- [INSTRUCTIONS FOR THE TASK] Your answer should consist only of the lines below from the one with "5m set pro 12,76mm" through the one with "裡面的餅乾排列有三種格式,最", copied exactly.

- [RECORDS PROVIDED]
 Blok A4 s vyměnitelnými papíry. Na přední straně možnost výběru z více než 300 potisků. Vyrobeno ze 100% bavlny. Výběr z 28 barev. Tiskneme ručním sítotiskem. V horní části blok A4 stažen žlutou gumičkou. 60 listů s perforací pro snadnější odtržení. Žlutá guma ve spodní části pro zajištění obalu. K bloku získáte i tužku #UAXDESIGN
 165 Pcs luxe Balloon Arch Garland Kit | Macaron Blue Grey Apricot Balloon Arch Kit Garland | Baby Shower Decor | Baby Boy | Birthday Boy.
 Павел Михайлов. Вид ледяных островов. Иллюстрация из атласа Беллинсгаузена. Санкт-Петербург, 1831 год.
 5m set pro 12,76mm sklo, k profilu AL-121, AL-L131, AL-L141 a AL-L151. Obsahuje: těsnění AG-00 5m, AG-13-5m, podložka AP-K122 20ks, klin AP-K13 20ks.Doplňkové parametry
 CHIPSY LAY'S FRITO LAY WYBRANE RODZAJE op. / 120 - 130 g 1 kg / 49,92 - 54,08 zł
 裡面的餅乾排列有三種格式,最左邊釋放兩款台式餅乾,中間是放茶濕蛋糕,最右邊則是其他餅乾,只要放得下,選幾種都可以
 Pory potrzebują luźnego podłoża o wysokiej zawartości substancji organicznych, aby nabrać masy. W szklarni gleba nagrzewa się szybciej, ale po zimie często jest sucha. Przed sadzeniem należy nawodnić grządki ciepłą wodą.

==

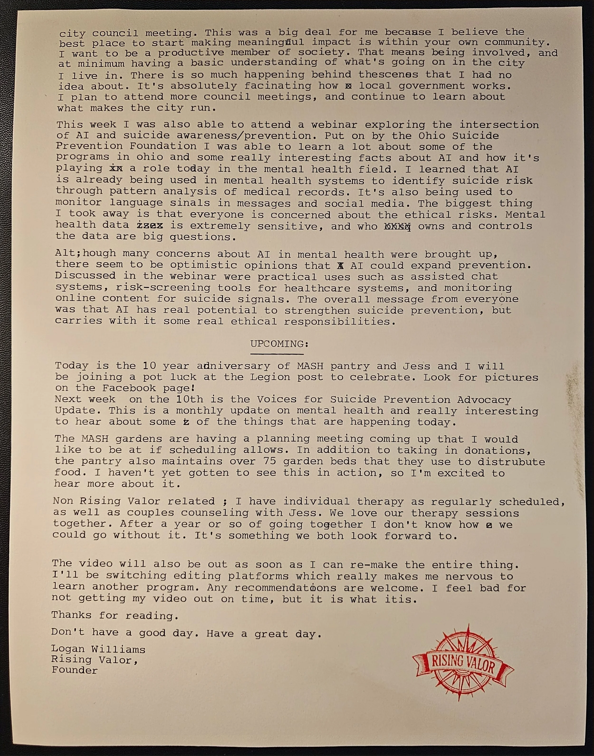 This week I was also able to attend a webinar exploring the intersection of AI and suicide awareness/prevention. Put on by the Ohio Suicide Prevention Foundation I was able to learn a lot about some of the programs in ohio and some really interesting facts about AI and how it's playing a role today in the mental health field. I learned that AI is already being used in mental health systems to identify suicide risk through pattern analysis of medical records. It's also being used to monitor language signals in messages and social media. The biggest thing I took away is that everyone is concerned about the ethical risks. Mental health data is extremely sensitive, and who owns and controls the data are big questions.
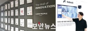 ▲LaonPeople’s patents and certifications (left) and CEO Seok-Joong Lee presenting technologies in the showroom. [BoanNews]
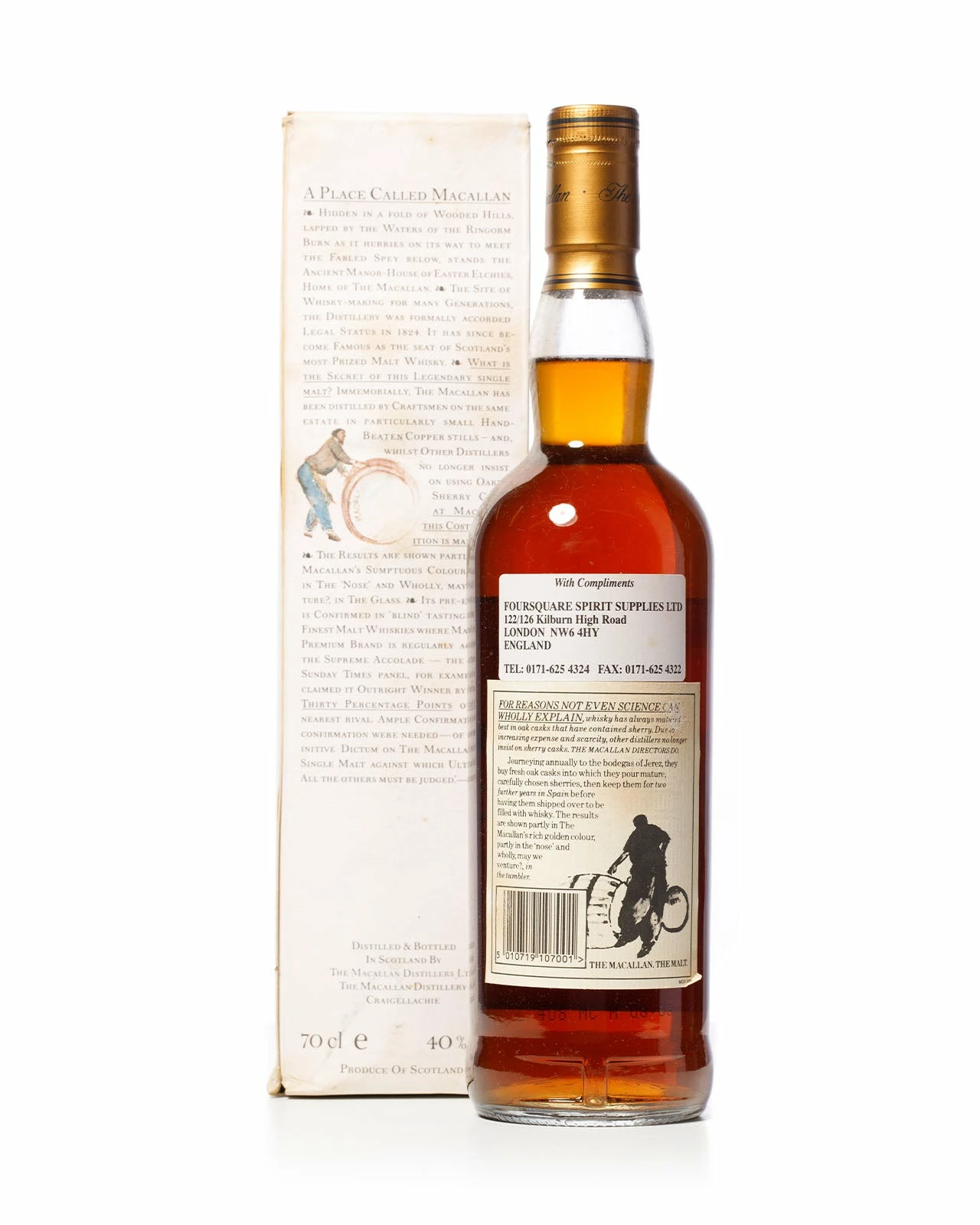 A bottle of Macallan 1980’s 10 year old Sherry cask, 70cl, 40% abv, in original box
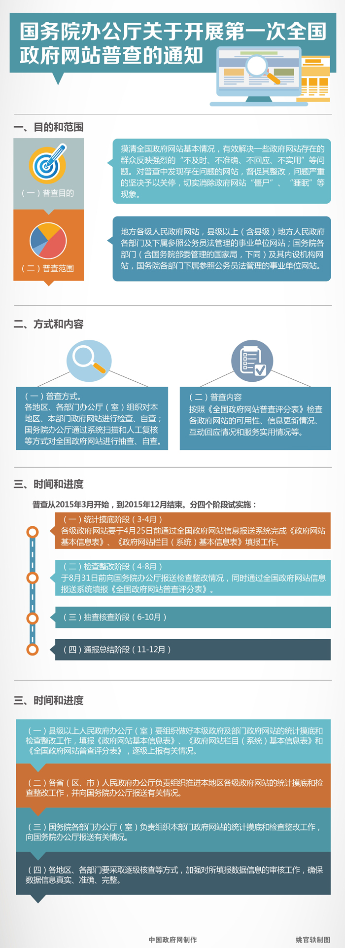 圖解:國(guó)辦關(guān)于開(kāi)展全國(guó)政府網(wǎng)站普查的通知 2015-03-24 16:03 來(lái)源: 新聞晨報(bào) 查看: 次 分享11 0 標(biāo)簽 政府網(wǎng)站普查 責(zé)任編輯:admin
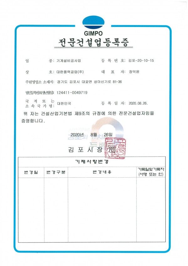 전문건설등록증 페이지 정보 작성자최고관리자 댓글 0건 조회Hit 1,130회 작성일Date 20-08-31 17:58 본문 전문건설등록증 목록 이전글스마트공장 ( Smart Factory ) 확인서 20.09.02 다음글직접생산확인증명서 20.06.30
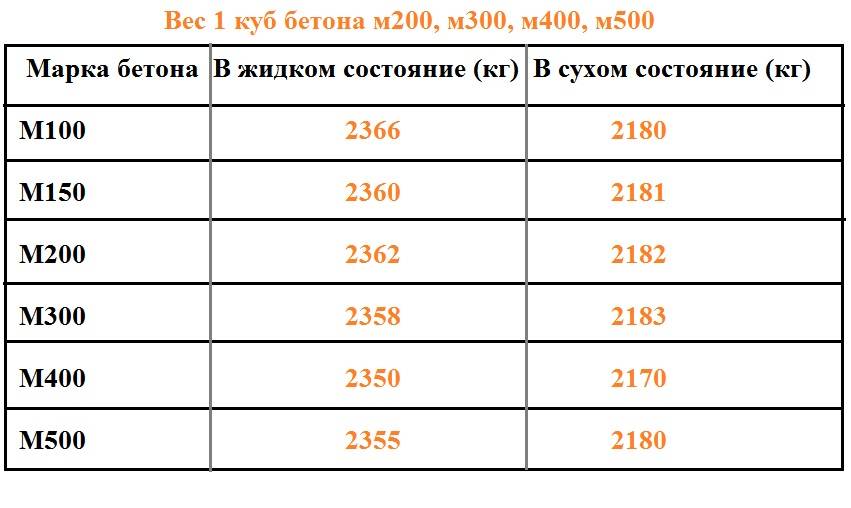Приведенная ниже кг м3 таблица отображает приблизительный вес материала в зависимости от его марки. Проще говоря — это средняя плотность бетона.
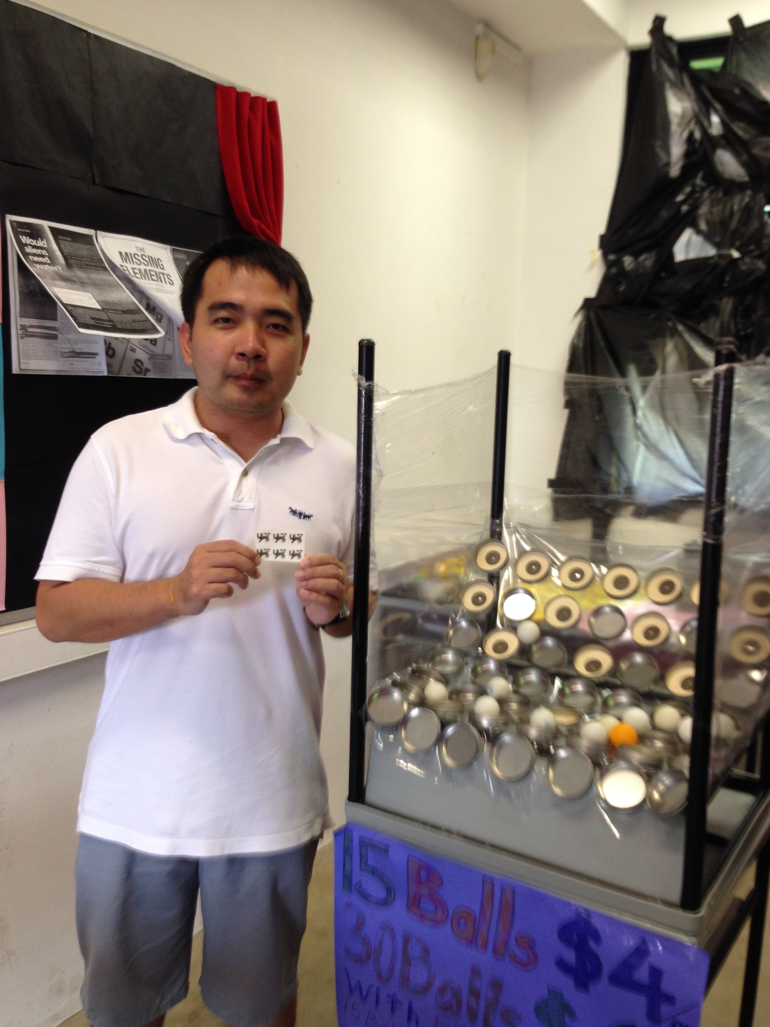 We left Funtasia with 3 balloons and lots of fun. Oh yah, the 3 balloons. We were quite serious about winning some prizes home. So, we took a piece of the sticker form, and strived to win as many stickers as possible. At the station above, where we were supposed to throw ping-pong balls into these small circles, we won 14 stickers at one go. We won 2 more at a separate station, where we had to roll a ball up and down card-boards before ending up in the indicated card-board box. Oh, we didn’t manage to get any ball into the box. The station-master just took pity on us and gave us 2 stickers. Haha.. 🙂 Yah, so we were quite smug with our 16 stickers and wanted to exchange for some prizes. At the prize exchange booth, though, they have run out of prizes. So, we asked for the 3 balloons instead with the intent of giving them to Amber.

- [EXPECTED OUTPUT]
 5m set pro 12,76mm sklo, k profilu AL-121, AL-L131, AL-L141 a AL-L151. Obsahuje: těsnění AG-00 5m, AG-13-5m, podložka AP-K122 20ks, klin AP-K13 20ks.Doplňkové parametry
 CHIPSY LAY'S FRITO LAY WYBRANE RODZAJE op. / 120 - 130 g 1 kg / 49,92 - 54,08 zł
 裡面的餅乾排列有三種格式,最左邊釋放兩款台式餅乾,中間是放茶濕蛋糕,最右邊則是其他餅乾,只要放得下,選幾種都可以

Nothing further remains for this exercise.